Today is Juneteenth. And if you’ve spent just a few moments on the internet over the past few days, you probably heard that it is now a recognized holiday in the US. Since its inception in 1886, generations of Black Americans have celebrated this day as the Black Independence Day.
For someone like me who moved to the US for university, I learned about Juneteenth as an adult. I first heard of Juneteenth in passing when taking an African American Literature class. We were actually learning more about the Emancipation Proclamation and the mention of Juneteenth was a quick add-on to clarify that freedom for some enslaved people was a delayed affair. About a year later, during my downtime catching up on some TV I’d missed out on over a few weeks, I queued up an episode of Black-ish, which covered the history of the holiday that often goes unnoticed to non-Black folks (and non-American Black folks like me) each year. These chance encounters learning about Juneteenth showed me just how much the histories of enslaved Black people in the US are minimized in order to make the tidbits we do hear about all the more palatable.
As a person who’s had their fair share of moves across countries and continents, I’m a bit of an anomaly that people can’t neatly place me in a box. As a Black woman in the US, most people presumed that I was Black American. It also didn’t help that I have a shapeshifting accent that adapts to my environment, so I wasn’t necessarily turning heads with unconventional pronunciations either. At first glance I fit the bill pretty seamlessly, but I walked into an African American Literature class not knowing much except for what I’d studied in my high school History classes. Once people started figuring out that I was an international student after all, they were immediately perplexed as to why I was even interested in learning about African American literature anyway. As someone who didn’t have personal ties to the subject matter—by being Black American, or just American—it didn’t seem like something I needed to learn about.

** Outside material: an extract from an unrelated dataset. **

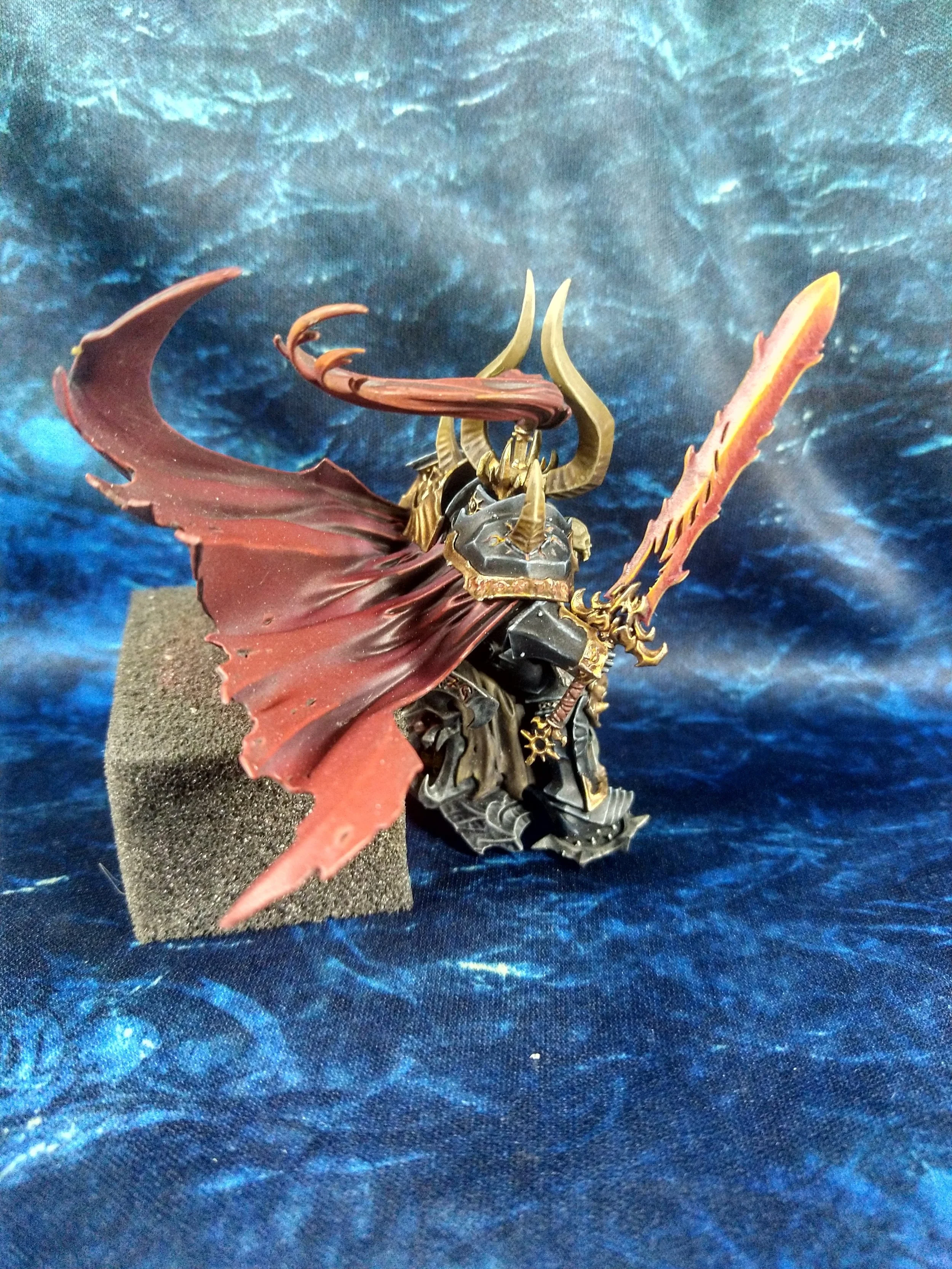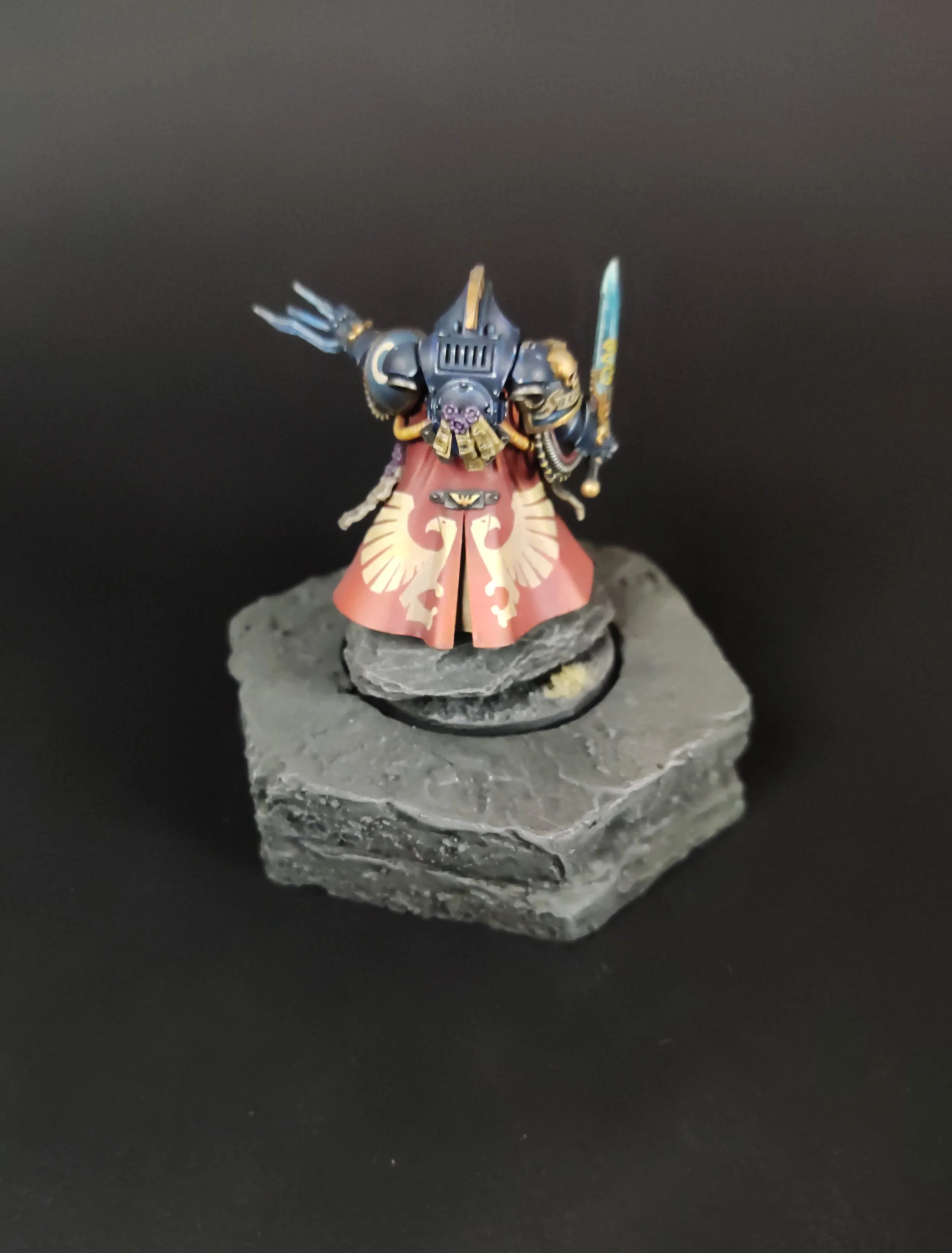 This custom base features a removeable central base for gaming with. The clarity of the gold with subtle shading radiates from his chest plate. Highlights on the rear head guard give contrast and pick up the directional highlighting used on the other elements of the piece.

How then do we celebrate this freshly minted holiday of Juneteenth? There’s something to be said about the Black diaspora solidarity I have for Black Americans as I see a celebration that holds such strong cultural significance for them finally getting recognized on a nationwide scale. With how interconnected we are over the internet (shoutout to Black Twitter), I do feel the urge to celebrate too—even if I’m not in the US. We would also be remiss to celebration the freedom of enslaved Black people without acknowledging where they were forcibly taken from to begin with: Africa. The more I think about it too, Juneteenth signifies an event that reverberates through the US and across the African continent as well. As much as we’re celebrating the freedom of enslaved Black people, it specifically shows the efforts taken by white slaveowners to prolong slavery even after it was already abolished a few years prior. Similarly, the histories of enslaved Africans traded to other locations across the globe are less often heard of. We never hear the stories of those who remained but witnessed the inhumane, forceful enslavement of people they knew. We don’t consider the overarching generational trauma faced by Black people under white supremacy through colonialism and slavery.
The stories of enslaved Africans are fundamentally rooted in suppression. Half-truths, sugar-coated accounts, and surface-level descriptions of these horrific events that plague our continent’s history. If anything, Juneteenth reminds that while this recognition is truly historic, there’s still much more work to be done to uproot the tactics of white supremacy on which it was born from.